[Extracted data — start]
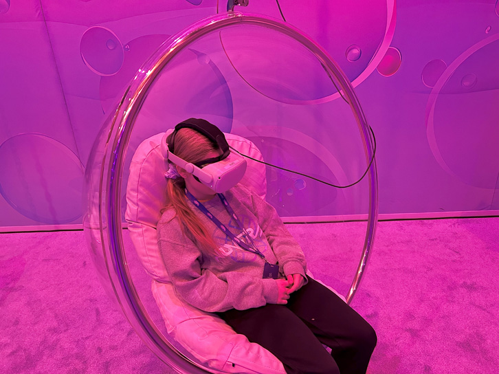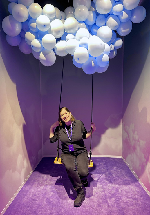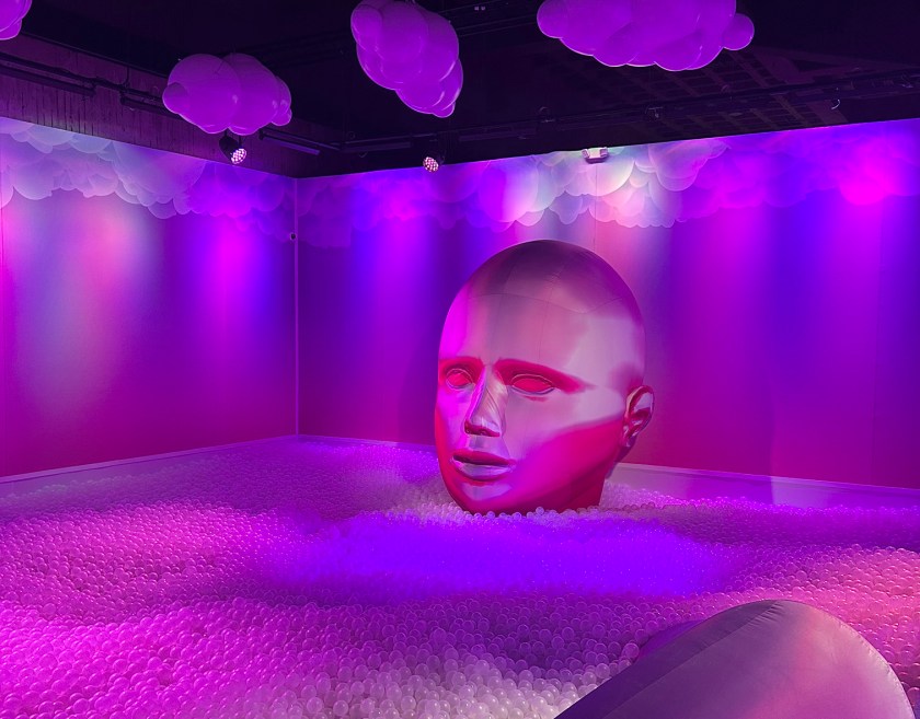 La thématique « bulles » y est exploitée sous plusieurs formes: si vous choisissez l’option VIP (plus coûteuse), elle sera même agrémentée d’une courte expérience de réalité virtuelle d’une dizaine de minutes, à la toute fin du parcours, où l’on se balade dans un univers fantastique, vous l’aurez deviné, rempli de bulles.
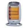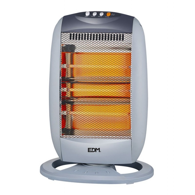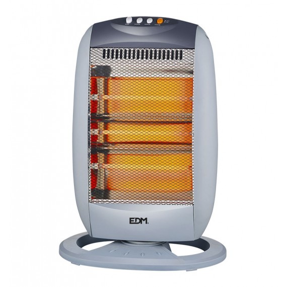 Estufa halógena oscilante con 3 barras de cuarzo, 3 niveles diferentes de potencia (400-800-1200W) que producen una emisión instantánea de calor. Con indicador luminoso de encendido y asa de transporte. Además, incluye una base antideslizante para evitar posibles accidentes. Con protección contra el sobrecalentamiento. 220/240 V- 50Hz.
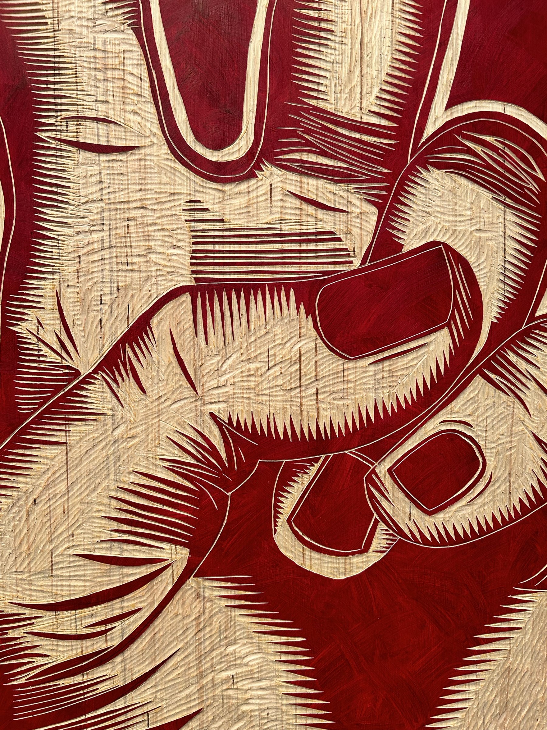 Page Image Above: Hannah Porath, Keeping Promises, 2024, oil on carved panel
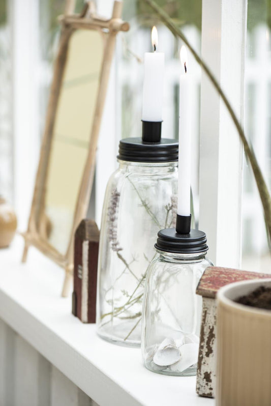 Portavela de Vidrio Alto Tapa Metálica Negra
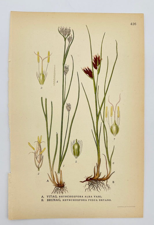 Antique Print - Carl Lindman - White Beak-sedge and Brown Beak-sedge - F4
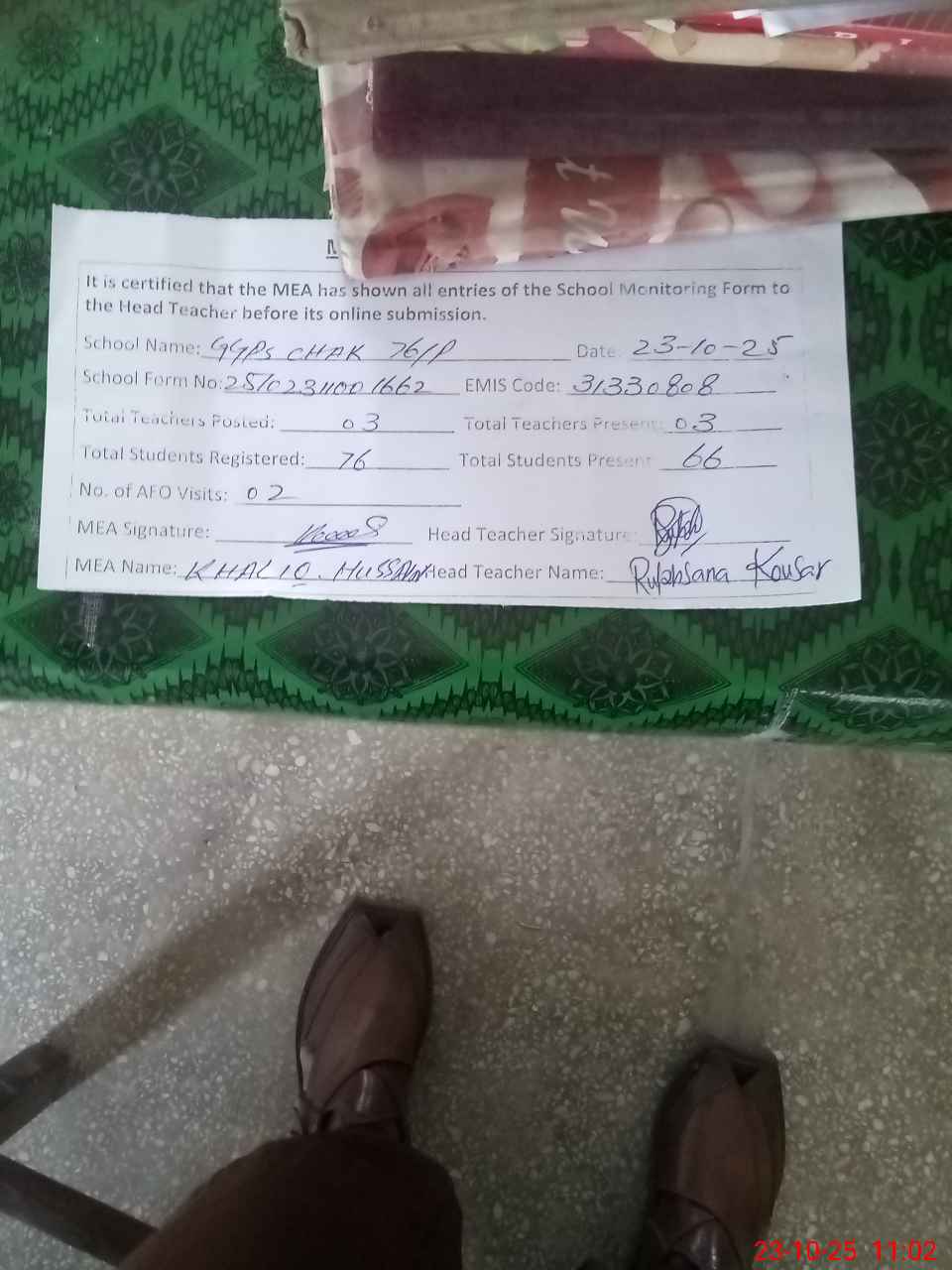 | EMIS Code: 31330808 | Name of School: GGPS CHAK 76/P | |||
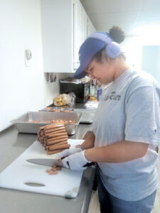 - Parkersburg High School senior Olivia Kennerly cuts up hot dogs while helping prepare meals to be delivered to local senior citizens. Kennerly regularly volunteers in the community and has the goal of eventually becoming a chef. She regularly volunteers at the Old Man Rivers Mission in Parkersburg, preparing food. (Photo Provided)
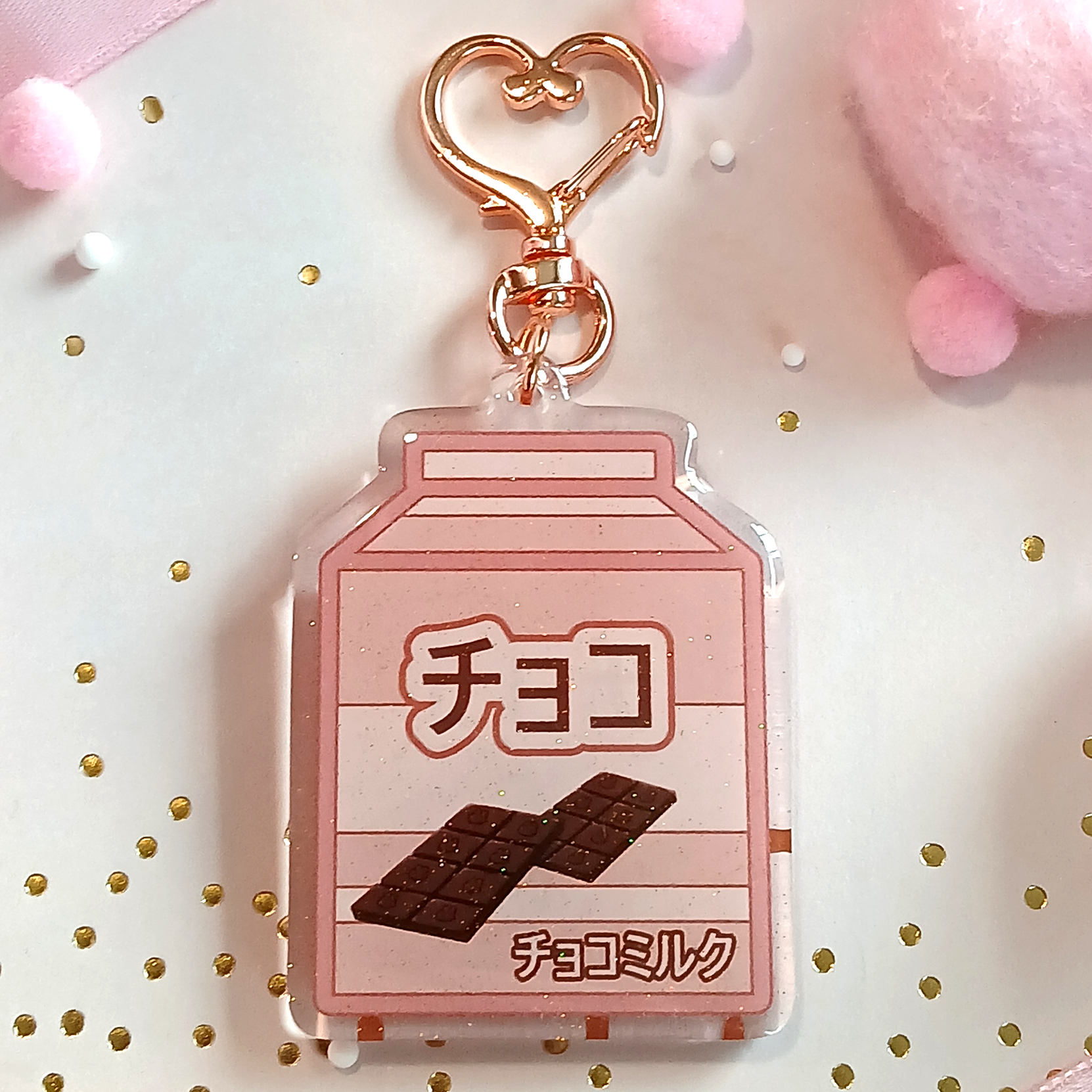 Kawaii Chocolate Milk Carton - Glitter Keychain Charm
[Extracted data — finish]
**What you will do:**
Out of the records above, please copy exactly the lines from the line with "Page Image Above: Hannah" up to and including the line with "CHAK 76/P | |||", minus the pictures.

**Final answer:**
 Page Image Above: Hannah Porath, Keeping Promises, 2024, oil on carved panel
 Portavela de Vidrio Alto Tapa Metálica Negra
 Antique Print - Carl Lindman - White Beak-sedge and Brown Beak-sedge - F4
 | EMIS Code: 31330808 | Name of School: GGPS CHAK 76/P | |||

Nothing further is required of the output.